The new interactive
tool was ultimately developed with urban planners and civic leaders in mind, but offers a fascinating glimpse into what the future could look like. Examining migration, race and age, the "Mapping America's Future" tool allows users to see these metrics based on low, average and accelerated rates of growth. The tool allows users to pick low, average, or high rates for birth, death and migration—the three drivers of population change—and the map changes in response.
The rates are all reasonable assumptions, based on historical trends. In other words, it won’t show a future where no children are born and no one dies, but we could imagine a future where people move around more or birthrates fall by 20 percent. With the tool, people can explore several possible “what-if” scenarios—possible futures—and see how they’ll play out across the country.

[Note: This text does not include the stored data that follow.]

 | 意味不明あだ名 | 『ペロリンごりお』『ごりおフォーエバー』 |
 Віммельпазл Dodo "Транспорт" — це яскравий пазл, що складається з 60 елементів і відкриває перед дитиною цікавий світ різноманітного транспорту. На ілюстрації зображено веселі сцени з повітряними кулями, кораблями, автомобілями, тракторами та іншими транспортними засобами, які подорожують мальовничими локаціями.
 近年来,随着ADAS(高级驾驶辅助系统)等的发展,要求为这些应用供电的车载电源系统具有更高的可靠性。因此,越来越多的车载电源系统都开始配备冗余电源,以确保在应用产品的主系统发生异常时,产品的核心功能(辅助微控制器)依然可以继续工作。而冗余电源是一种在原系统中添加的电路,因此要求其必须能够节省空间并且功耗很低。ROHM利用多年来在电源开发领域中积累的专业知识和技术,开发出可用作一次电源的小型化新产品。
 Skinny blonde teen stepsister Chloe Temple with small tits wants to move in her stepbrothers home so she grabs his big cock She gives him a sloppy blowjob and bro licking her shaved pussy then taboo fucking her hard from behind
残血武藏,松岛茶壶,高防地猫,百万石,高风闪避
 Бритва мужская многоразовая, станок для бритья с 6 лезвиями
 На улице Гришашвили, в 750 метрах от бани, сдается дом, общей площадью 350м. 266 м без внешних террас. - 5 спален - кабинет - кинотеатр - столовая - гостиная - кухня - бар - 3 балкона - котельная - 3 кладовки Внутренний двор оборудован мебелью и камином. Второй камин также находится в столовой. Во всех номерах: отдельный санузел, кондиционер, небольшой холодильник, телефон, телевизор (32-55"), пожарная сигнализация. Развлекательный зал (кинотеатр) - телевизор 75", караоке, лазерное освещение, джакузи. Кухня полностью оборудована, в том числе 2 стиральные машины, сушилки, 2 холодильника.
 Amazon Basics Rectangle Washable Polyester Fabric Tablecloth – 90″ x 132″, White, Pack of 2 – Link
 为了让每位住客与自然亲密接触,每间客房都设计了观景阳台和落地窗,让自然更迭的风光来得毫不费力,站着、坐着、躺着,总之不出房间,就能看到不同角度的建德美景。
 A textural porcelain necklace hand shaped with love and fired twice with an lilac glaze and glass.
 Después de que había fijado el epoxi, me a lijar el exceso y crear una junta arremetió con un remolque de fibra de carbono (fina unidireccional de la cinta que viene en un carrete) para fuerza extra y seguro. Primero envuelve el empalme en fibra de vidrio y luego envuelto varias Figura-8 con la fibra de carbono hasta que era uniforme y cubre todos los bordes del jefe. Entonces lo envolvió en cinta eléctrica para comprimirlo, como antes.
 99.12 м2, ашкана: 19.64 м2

A future with more births and longer lives looks very different from one with fewer births and high mortality. And migration—one of the most difficult forces to predict—can change areas rapidly, not just in sheer numbers, but also in terms of an area’s racial and ethnic makeup, its workers and tax base, its demand for housing and for government services, and, arguably, its character, according to the Urban Insititute.

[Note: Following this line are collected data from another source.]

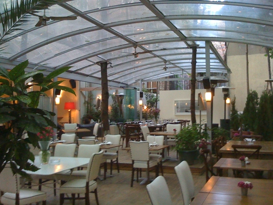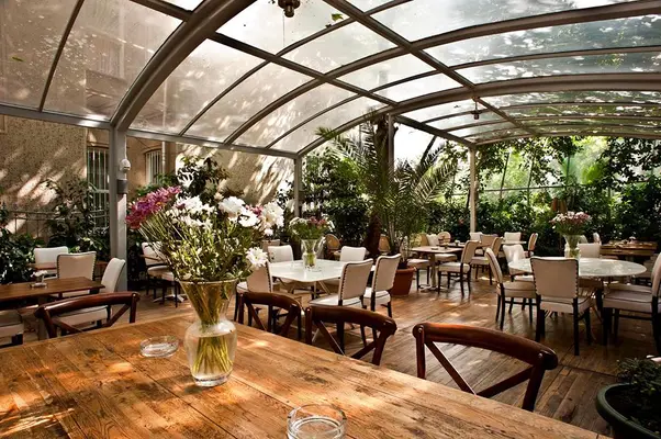 "An attractive, high-ceilinged dining room and lounge, as well as a large garden open in the summer months, provide a smart but relaxed setting for dinner and drinks."
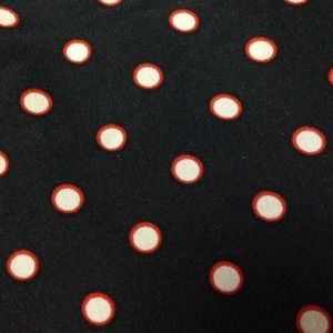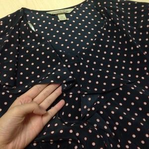 Dotted Navy Dress with dots surrounded in a red circle. Has front ruffle to add an accent but not too dramatic. Also has pockets and an elastic waist band to accentuate the waist. 100% Silk
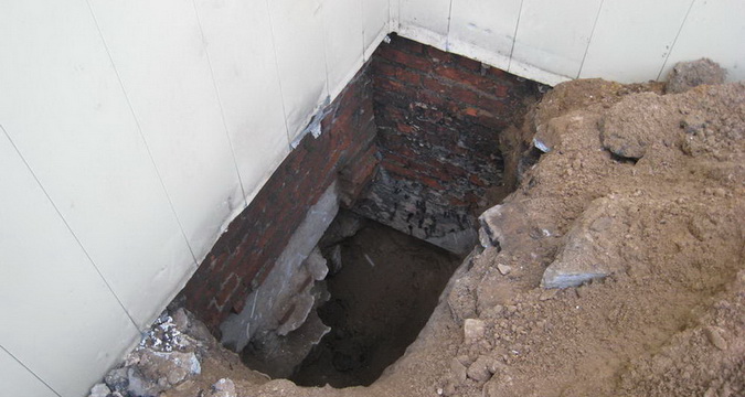 Такие ямы дают возможность оценить общее состояние фундамента – имеются ли на нем самом трещины, имеет ли место разрушение раствора между кирпичами, каково состояние гидроизоляции (и есть ли она вообще). Кроме того, с помощью шурфов легко установить, подтапливается фундамент грунтовыми водами или нет и каков их уровень – это будет видно уже через 1–2 дня по уровню наполнения водой самого шурфа.

The tool also shows that the minority populations will surpass the aging, white majority by 2042. New births, immigration, and internal migration will reconfigure the populations of our cities, towns and suburbs.
We can already see that the population is aging and becoming more diverse, but how will those trends play out at the local and regional levels? And what if, in the future, we live longer or have more babies? How would those trends affect the population in different cities and states? Urban Institute's new interactive tool explores the possibilities.